Bitcoin Forum

I read on the wiki that it's a good idea to make a copy of your wallet.dat file and encrypt it somewhere. My question is why bother making a copy and encrypting it? If someone steals your wallet.dat then the copy is useless because you can only spend them once, correct? Is there a way to encrypt the entire system (aside from the virtual machine method I saw posted on this forum) so that the original wallet.dat can never be stolen?

sure.

run it persistently off a TrueCrypt encrypted volume on a thumbdrive.  you'll never let the Bitcoin client touch an unencrypted volume.

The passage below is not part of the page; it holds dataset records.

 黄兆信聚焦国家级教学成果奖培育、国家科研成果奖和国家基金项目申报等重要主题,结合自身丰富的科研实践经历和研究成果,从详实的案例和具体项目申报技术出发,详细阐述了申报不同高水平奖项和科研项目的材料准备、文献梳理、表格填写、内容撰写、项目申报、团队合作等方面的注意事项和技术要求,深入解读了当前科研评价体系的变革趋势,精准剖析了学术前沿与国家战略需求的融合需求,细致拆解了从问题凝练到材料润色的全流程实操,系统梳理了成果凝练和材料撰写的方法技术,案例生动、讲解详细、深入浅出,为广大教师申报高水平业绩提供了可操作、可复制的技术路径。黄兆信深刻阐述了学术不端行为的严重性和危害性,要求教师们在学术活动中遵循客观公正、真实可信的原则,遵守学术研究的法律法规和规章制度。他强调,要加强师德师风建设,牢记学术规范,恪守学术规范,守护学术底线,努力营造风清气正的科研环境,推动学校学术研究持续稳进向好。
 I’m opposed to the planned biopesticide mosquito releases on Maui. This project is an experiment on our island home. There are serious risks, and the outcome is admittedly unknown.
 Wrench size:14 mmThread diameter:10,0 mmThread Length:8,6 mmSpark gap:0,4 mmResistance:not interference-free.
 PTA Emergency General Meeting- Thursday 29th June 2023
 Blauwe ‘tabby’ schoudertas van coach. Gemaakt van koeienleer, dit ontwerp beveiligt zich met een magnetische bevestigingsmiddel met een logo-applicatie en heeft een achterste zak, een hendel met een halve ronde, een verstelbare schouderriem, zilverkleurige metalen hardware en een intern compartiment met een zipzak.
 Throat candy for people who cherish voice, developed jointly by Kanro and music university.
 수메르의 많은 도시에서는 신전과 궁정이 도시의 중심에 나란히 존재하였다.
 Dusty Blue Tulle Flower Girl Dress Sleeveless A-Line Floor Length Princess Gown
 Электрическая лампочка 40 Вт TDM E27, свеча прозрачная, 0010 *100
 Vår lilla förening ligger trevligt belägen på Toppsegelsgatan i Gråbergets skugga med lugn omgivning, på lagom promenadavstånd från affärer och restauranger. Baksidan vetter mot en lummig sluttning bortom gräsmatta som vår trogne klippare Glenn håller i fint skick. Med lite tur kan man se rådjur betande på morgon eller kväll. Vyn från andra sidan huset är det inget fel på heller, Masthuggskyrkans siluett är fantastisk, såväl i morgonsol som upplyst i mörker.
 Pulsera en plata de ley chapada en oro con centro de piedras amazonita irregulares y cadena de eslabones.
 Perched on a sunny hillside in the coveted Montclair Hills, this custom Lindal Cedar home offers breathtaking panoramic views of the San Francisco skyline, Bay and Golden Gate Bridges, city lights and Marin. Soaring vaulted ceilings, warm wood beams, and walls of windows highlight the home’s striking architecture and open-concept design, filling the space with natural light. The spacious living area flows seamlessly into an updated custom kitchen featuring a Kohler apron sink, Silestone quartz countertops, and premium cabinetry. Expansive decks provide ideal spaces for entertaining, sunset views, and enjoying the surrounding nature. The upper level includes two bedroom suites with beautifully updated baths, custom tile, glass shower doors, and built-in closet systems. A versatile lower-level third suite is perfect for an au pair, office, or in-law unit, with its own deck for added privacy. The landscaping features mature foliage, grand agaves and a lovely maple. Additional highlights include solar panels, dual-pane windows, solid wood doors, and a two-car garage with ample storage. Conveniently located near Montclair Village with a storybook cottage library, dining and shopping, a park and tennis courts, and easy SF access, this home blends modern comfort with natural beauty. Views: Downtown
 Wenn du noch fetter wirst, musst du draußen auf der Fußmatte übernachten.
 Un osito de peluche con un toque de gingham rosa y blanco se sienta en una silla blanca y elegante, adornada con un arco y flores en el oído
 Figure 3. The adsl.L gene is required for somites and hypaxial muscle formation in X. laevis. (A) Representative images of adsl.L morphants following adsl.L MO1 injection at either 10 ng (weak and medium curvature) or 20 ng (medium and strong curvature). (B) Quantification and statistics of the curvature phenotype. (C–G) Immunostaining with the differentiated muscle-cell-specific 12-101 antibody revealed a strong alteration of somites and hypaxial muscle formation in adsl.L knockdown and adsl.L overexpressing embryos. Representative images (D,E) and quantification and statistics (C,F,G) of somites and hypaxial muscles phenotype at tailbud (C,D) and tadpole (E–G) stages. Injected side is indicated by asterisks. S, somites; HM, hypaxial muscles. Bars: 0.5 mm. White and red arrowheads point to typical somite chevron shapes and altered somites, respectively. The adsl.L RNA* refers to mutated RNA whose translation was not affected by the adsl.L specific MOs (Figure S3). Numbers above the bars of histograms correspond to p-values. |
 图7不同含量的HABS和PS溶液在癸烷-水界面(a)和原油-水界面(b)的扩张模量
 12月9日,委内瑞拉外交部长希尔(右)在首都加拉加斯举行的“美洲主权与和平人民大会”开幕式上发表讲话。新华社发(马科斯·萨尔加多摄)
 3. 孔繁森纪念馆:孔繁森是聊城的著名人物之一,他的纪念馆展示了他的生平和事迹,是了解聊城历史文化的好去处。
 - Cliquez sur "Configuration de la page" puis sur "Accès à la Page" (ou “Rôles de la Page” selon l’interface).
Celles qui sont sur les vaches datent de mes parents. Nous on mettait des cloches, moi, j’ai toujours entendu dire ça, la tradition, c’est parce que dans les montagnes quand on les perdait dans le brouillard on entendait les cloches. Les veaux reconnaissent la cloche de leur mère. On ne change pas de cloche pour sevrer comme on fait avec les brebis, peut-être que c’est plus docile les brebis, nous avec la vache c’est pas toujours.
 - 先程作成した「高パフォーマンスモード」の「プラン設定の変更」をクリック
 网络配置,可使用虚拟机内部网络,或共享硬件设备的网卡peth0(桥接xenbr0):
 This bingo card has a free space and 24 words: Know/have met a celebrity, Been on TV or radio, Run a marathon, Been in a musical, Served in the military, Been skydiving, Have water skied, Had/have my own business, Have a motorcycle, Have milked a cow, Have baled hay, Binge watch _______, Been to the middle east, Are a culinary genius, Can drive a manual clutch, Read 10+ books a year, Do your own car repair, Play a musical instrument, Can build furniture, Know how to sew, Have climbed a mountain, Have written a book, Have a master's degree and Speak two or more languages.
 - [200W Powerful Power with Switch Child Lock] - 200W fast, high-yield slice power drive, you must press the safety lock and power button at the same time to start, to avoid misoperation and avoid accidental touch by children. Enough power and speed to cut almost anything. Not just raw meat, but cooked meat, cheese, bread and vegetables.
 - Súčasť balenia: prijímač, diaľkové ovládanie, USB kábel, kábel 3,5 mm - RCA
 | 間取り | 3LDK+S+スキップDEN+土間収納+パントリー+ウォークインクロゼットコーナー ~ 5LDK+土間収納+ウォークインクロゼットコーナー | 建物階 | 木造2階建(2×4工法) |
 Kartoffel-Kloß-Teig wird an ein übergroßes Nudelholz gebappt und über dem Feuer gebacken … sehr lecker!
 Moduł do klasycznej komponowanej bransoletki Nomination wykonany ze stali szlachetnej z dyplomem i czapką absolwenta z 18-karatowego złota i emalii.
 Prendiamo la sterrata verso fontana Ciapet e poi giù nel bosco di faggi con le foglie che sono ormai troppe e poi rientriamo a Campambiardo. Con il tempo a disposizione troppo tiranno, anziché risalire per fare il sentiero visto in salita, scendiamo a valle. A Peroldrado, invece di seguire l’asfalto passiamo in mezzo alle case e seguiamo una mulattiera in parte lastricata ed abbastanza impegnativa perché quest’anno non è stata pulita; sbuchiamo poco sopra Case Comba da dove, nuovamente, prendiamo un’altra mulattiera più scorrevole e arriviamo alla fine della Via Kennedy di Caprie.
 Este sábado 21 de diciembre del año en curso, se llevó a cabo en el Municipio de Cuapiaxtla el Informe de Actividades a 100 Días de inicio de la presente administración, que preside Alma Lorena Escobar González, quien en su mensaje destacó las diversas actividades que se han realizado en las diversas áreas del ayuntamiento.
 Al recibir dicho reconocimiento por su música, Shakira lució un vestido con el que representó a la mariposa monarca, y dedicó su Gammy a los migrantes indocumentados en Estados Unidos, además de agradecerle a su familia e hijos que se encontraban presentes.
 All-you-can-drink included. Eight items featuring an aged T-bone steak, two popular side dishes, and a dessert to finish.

Your wallet consists of keys that let you sign transactions (i.e. spend bitcoins)...your actual bitcoin balance is stored in the block chain.  Making backups protects your ability to sign transactions.  If you open two instances of your wallet simultaneously, those two clients can become momentarily out of sync with each other and opens up a possibility of accidental double spends (though I think the spends would have to be almost simultaneous since the two clients should hear about each others' transactions within a few seconds).  So, it's not a good idea to have multiple instances of your client running concurrently (note: while you could accidentally create a double spend, the network would quickly recognize and discard one of the transactions).

You want to encrypt your wallet backups (use AES-256) just so that if a copy of your wallet fell into the wrong hands, it couldn't be used to create those spend transactions.  You want to keep those encrypted backups hosted somewhere such that if someone stole all the computers in your possession, you won't lose any of your bitcoins (as long as the wallets on those computers were encrypted).